Emboldened by the glory and fame his wife’s ghostwriting generated, Fremont, newly promoted to lieutenant colonel, headed again for California, where a war was waiting to happen--even though his orders told him to do nothing to trigger it.

From Oregon, where he was ostensibly mapping routes and trails, Fremont led a band of freebooters into California, an action that helped to provoke the Bear Flag Revolt in Sonoma late in 1846, when these insurgents proclaimed California an independent republic.

A few weeks later, war erupted between the U.S. and Mexico, and Fremont led American forces south, securing Gen. Andres Pico’s capitulation at Campo de Cahuenga near what is now Universal City.

Fremont’s heroic legend continued to grow--everywhere but at Army headquarters. Court-martialed and found guilty of mutiny, Fremont was now a tarnished hero. Yet Jessie once again used her considerable political connections, and President James K. Polk waived Fremont’s punishment.

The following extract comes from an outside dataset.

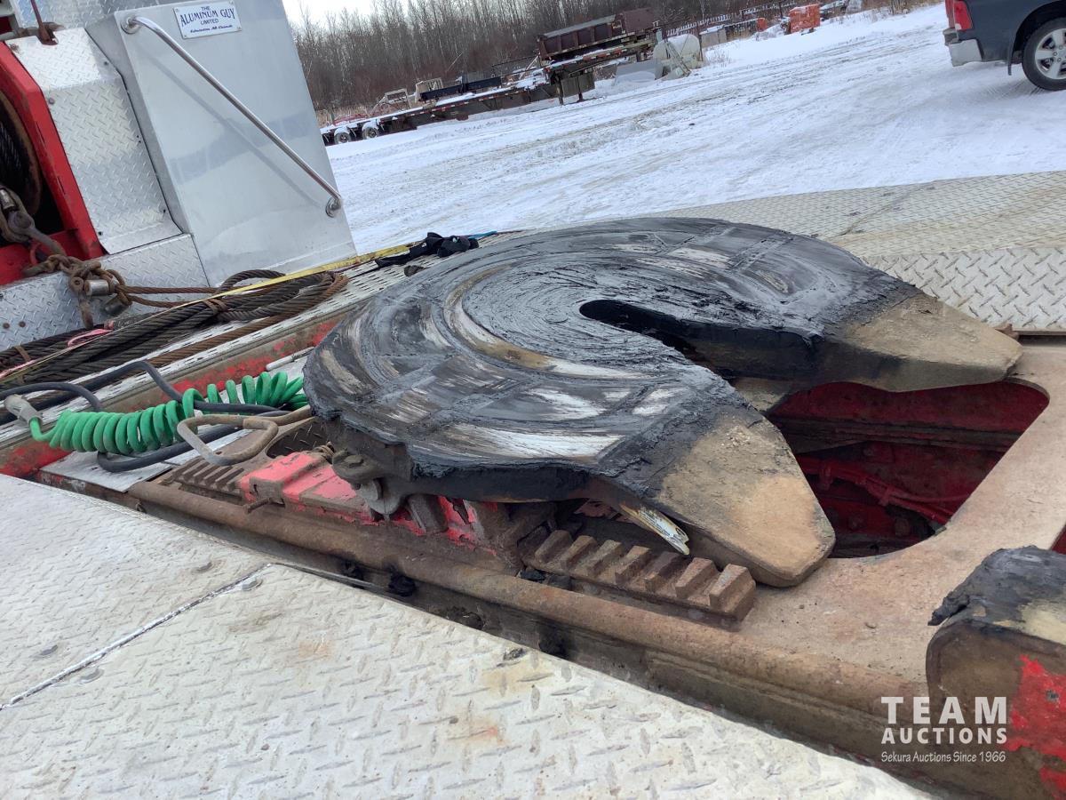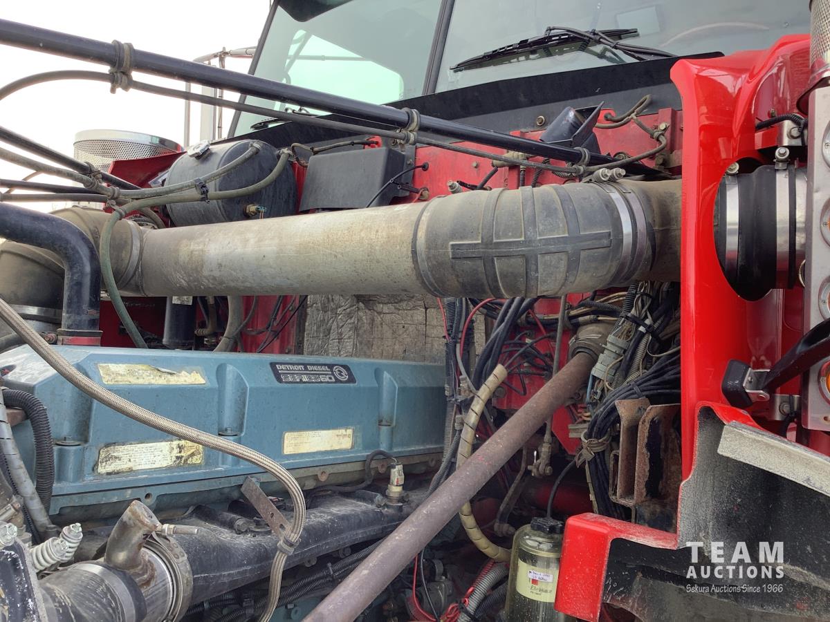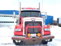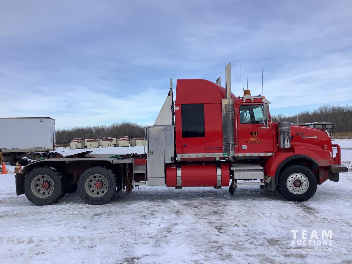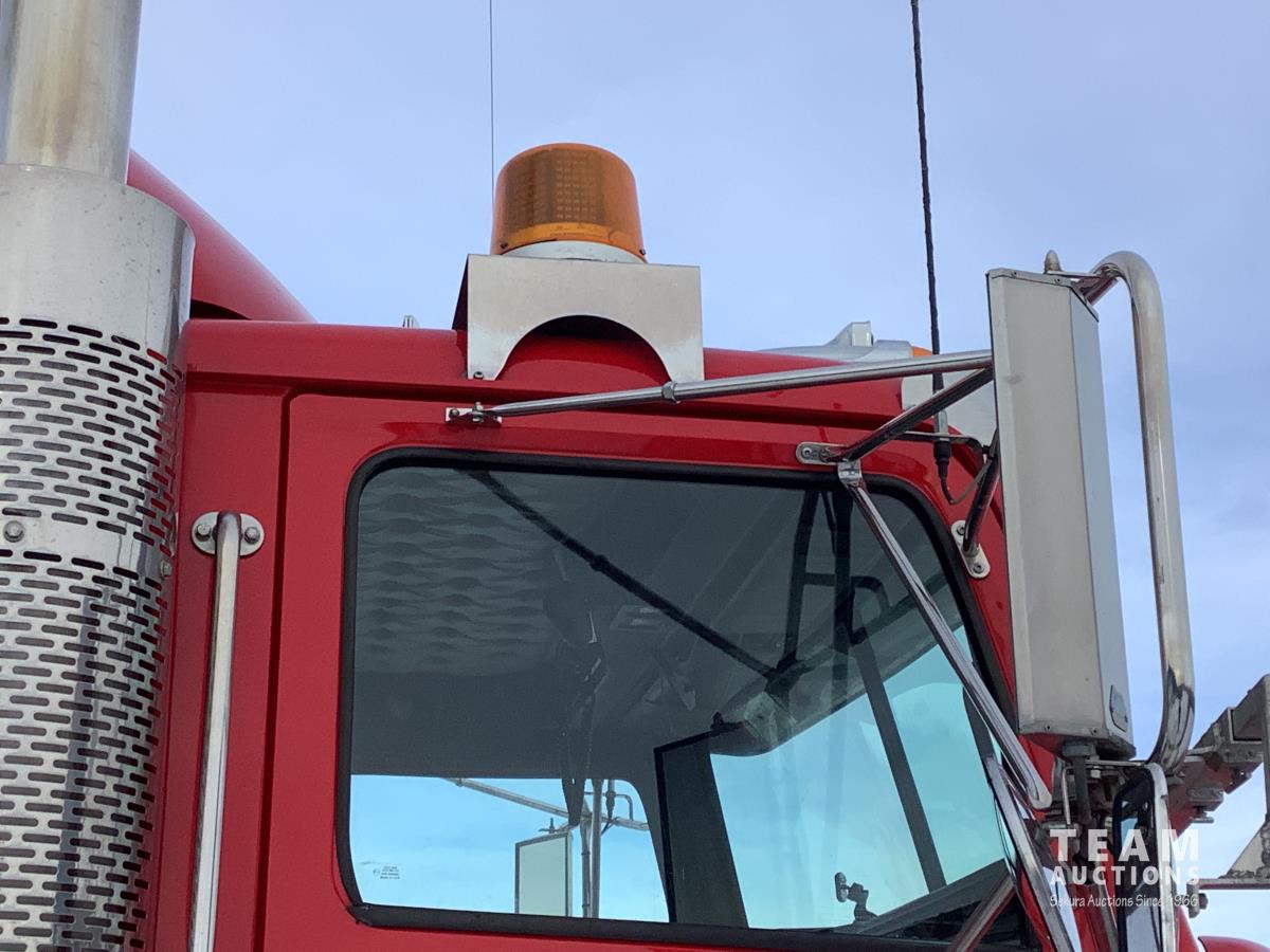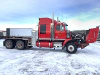 Detroit SERIES 60 515 HP Webasto diesel engine heater, engine brake, air suspension, 16,000 lb front axle, 46,000 lb rear axles, full lockers, 13 speed transmission with a Spicer 4 speed air shift auxiliary transmission, Brandon DP-50 hydraulic drive winch with the Alum Guy headache rack, air lift wide load sign, factory 10 wide cab mirrors, side cabinets, steps, decking, full rear fenders, rear live roll, all aluminum wheels, 385/65R22.5 front tires, 11R24.5 rear tires

But Fremont, humiliated, resigned his commission and entered business and politics. After a brief stint as a U.S. senator from California, the 43-year-old Fremont became the new Republican Party’s first presidential nominee in 1856. Critics immediately made an issue of his high-handed conduct in California and his many failed business deals. They spread rumors concerning his illegitimate birth and his alleged seduction of a housemaid, and joked that the politically savvy Jessie might be “the real candidate.”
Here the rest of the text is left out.